See what the coating looks like, it should be an even wet coating. If its a dry mist, heavy orange peel or starting to run, adjust your settings or thin the paint as required.

Once you get something close to a good coating, keep an eye on it as it flashes off and see how it looks once dry -if its rough, orange peel etc adjust as required.

Im sure it wont be long before you can achieve a finish like a professional, the Fuji is certainly capable of achieving a great finish.

spraying can be a bit frustrating I must admit, its messy but high precision at the same time, with lots of variables.


----------



## MikeJhn (29 Jun 2017)

deema

Your welcome, Its a bit experimental with the settings of the gun, but if I can be of any further help let me know and I will try to help.

Just a thought, what gun do you have is it an XPT or XT or T7?

Mike


----------



## MikeJhn (2 Jul 2017)

deema

Spayed some more wardrobe doors today:







The Morrells Primer/Lacquer was three years old, but still managed to spray the Primer un-thinned, but the Lacquer had to be thinned by 20% to get a decent finish, still with the 1.5 needle, the air cap level with the nozzle and the paint control open six quarter turns, air valve on the hose open fully.

Mike

Forgot to mention the solids in the primer had settled to the bottom of the can, so it needed a really good stir, for good measure I gave the lacquer a good stir as well.


----------



## deema (2 Jul 2017)

Hi Mike

Thanks for the info, really appreciate it.

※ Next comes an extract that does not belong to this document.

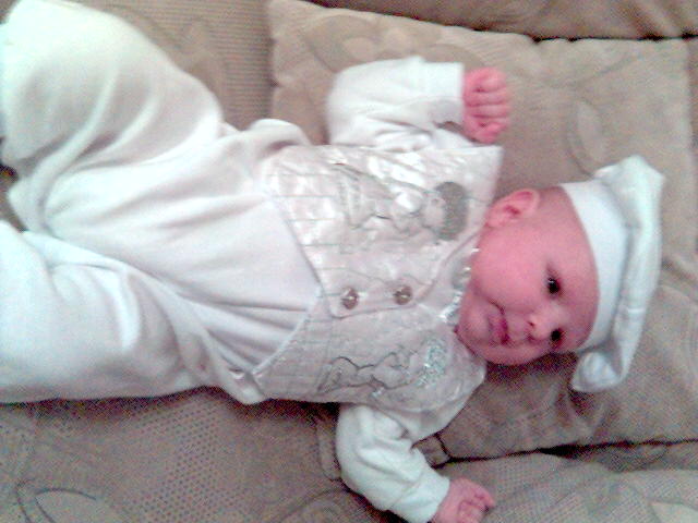 Это мой старший. На первой фотке - в роддоме чем то накормили, на второй мы дома

I have a 1.5 needle, and will give up a go. I'm using gun wash to clean up the gun afterwards, and for me it seems rather more effort than uTube would suggest. I seem to need to take the entire gun apart every time to get it clean. Spraying through gun wash doesn't seem to clean it properly. Am I doing something wrong or just being too pedantic about cleanliness?


----------



## MikeJhn (3 Jul 2017)

You can't be to pedantic about internal gun cleanliness, I use second grade Thinners to whatever I am spraying to clean out the gun, if I am spraying on consecutive days, I don't clean it out, just close off the air valves so air can't get to the paint/pot, when eventually cleaning up, after spraying thinners through (into a waste sack) until its clear, I take out the needle and nozzle and lube them, clean the outside and then put the gun away until the next time.

Have to add cleaning the gun etc is the worst part of spraying, I tend to save up all that I want to spray so I have as much as I can in one hit, because I am spraying fairly large items there is an overnight waiting time before you can turn them over, therefore its days before I need to clean the gun.

And don't forget to filter the paint and thinners, filter into a measuring pot and then filter into the spray pot.

Mike


----------